- [Task description]: Your answer must be an exact transcription of the data, with every picture omitted.

- [Data shown]:
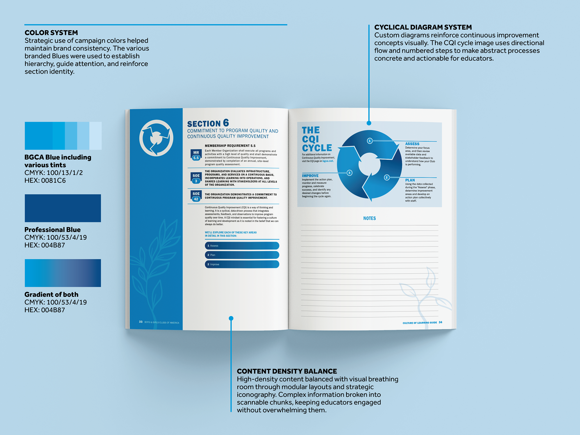 I approached the project as a flexible document system rather than isolated layouts. The goal was to improve readability and engagement while allowing each guide to develop its own identity within BGCA’s established brand framework.
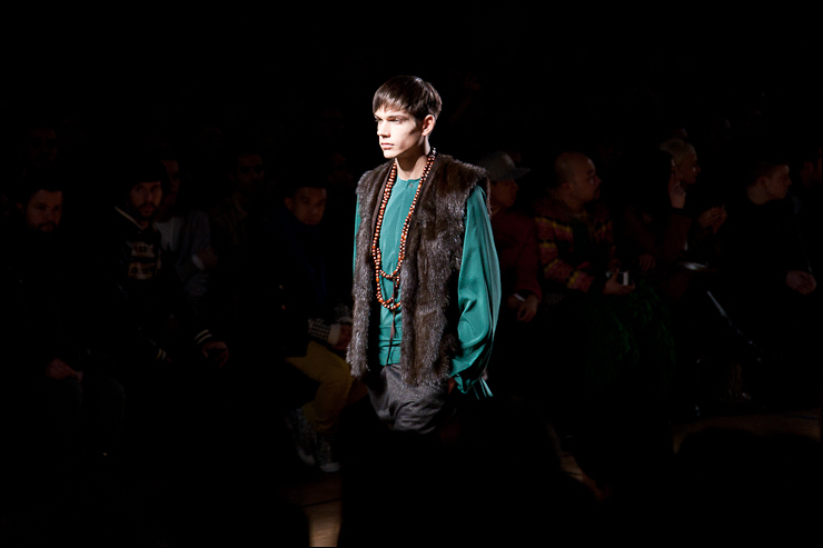 The silhouettes of Damir Doma are rather known for their minimalism and comfortable proportions. It was certainly a surprise when we seen a few days ago, these men wearing fur and african-inspired prints on the podium.
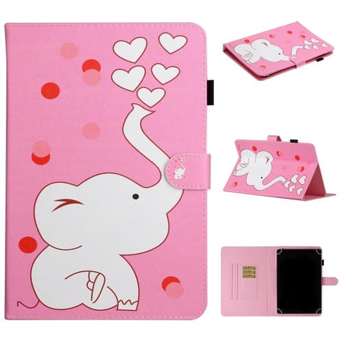 Funda para Tablet PC Universal 10 Pulgadas Cuero PU con Soporte y Ranura para Tarjeta (Loving Elephant)

- [Response]:
 I approached the project as a flexible document system rather than isolated layouts. The goal was to improve readability and engagement while allowing each guide to develop its own identity within BGCA’s established brand framework.
 The silhouettes of Damir Doma are rather known for their minimalism and comfortable proportions. It was certainly a surprise when we seen a few days ago, these men wearing fur and african-inspired prints on the podium.
 Funda para Tablet PC Universal 10 Pulgadas Cuero PU con Soporte y Ranura para Tarjeta (Loving Elephant)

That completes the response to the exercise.